This article about an investigation into manipulation of oil prices incorrectly attributed several comments to the chairman of the Commodity Futures Trading Commission. The article, which in part discussed whether the commission's action was politically motivated, should have cited Steve Obie, acting director of enforcement, and should have read as follows: Steve Obie, acting director of enforcement at the CFTC, said the agency was not trying to influence the Senate vote. "As you can see, this case was ready. This was not a politically motivated case," Obie said during a news conference. The agency is investigating "dozens" of energy-manipulation cases and will announce each one when the probes uncover evidence of illicit behavior, Obie added.
CFTC Charges Firm With Manipulating Oil Prices
Friday, July 25, 2008
The agency that regulates commodity trading yesterday charged a Dutch firm, Optiver Holding, and its U.S. subsidiary with manipulating the price of crude oil, heating oil and gasoline, marking the first case to arise from the body's investigation into the energy markets.
In its complaint, which was filed in U.S. District Court for the Southern District of New York, the Commodity Futures Trading Commission accused three employees of engaging in illegal trades called "banging the close." The phrase refers to buying or selling large volumes of commodity contracts in the closing moments of a trading day. The movement in prices then benefits the traders' other holdings.
CFTC officials said Optiver traders used this scheme over 11 days in March 2007 to influence the price of several benchmark energy commodities, including West Texas Intermediate crude oil and New York Harbor heating oil.
In five instances, the traders were successful in moving the price up or down to benefit their investment bets, the CFTC officials said. The complaint alleges that the traders pocketed $1 million through the scheme.
Steven Schwab, a spokesman for Optiver, did not return calls seeking comment. On its Web site, Optiver identifies itself as a 22-year-old company and a large derivatives trader with offices in Amsterdam, Sydney and Chicago.
Under pressure from lawmakers to keep a tighter rein on commodity trading, the CFTC unveiled the charges a day before the Senate was set to vote on legislation aimed at curbing excessive speculation.
"The CFTC has every incentive to show that the cop is on the beat and is doing his job," said Kevin Book, senior vice president for Friedman, Billings, Ramsey Group, an Arlington investment firm. "No regulator likes the direct scrutiny of Congress or the threat of sweeping new obligations or worse yet, the loss of regulatory authority."
Stephen J. Obie, acting enforcement director of the CFTC, said the agency was not trying to influence the Senate vote. "As you can see, this case was ready. This was not a politically motivated case," Obie said during a news conference.

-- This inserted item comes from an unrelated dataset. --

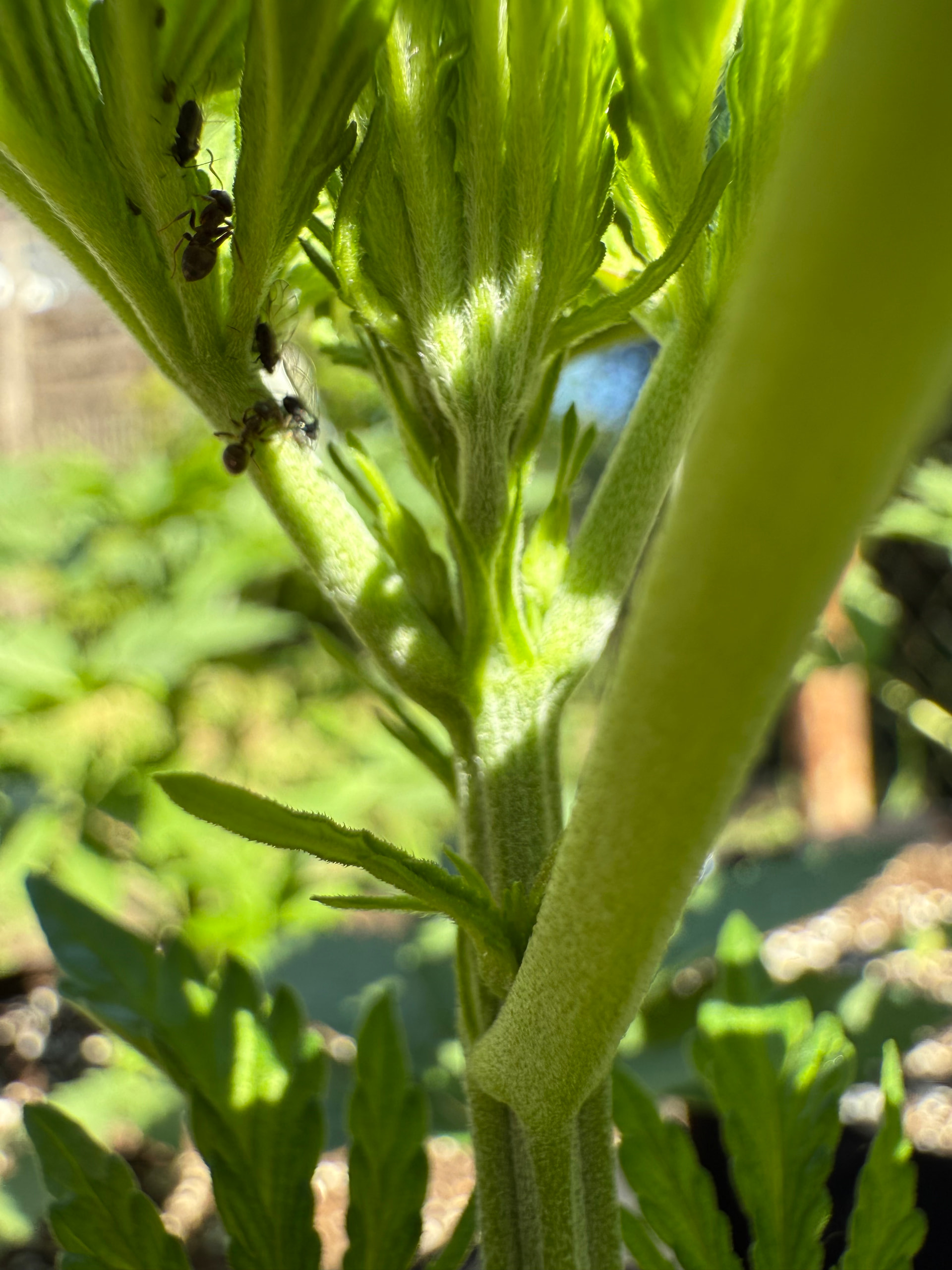 Nehme an das war irgendne Art BlattlĂ€use mit irgendwelchen gröĂeren, hellgrĂŒnen Soldaten die einmal pro Trieb vertreten waren und âArbeiterâ. Die Sklaventreiber theoretisch.

The agency is investigating "dozens" of energy-manipulation cases and will announce each one when the probes uncover evidence of illicit behavior, Obie added.
The CFTC has intensified its scrutiny of energy markets as the price of a gallon of gasoline soared above $4 and as crude oil reached a record $147 a barrel earlier this month. The price of oil has since fallen, settling above $125 yesterday.
Earlier this year, the commission took what it described as the "extraordinary step" of announcing its nationwide probe into illicit trading in energy markets.
In the complaint announced yesterday, the commission accused Optiver chief executive Bastiaan van Kempen of making false statements and concealing the scheme.
Christopher Dowson, Optiver's head trader, and Randal Meijer, a supervisor, were also named in the suit. They were recorded in a telephone conversation describing the trades as "a fun game" and pondering whether they could expand to sugar, wheat or corn trading, according to the CFTC.
They also discussed working out a fake story in case regulators asked questions, the CFTC said. "You should milk it for right now because you never know how long this thing is going to last," one of the employees was quoted as saying by a CFTC investigator.
If found guilty, the firm faces civil penalties, such as large fines. Criminal charges would have to be brought separately by law enforcement officials. CFTC officials declined to comment on whether they have been in touch with the Department of Justice on the matter.
Meanwhile, in Congress, a bill proposed by Senate Majority Leader Harry M. Reid (D-Nev.) was scheduled for a vote today. The measure, which Wall Street firms have vigorously opposed, would impose tough limits on how many contracts financial actors can hold at any one time.
But Republicans, stymied in their efforts to include an amendment that would lift bans on offshore oil drilling, said they might use procedural tactics to prevent the measure from a floor vote.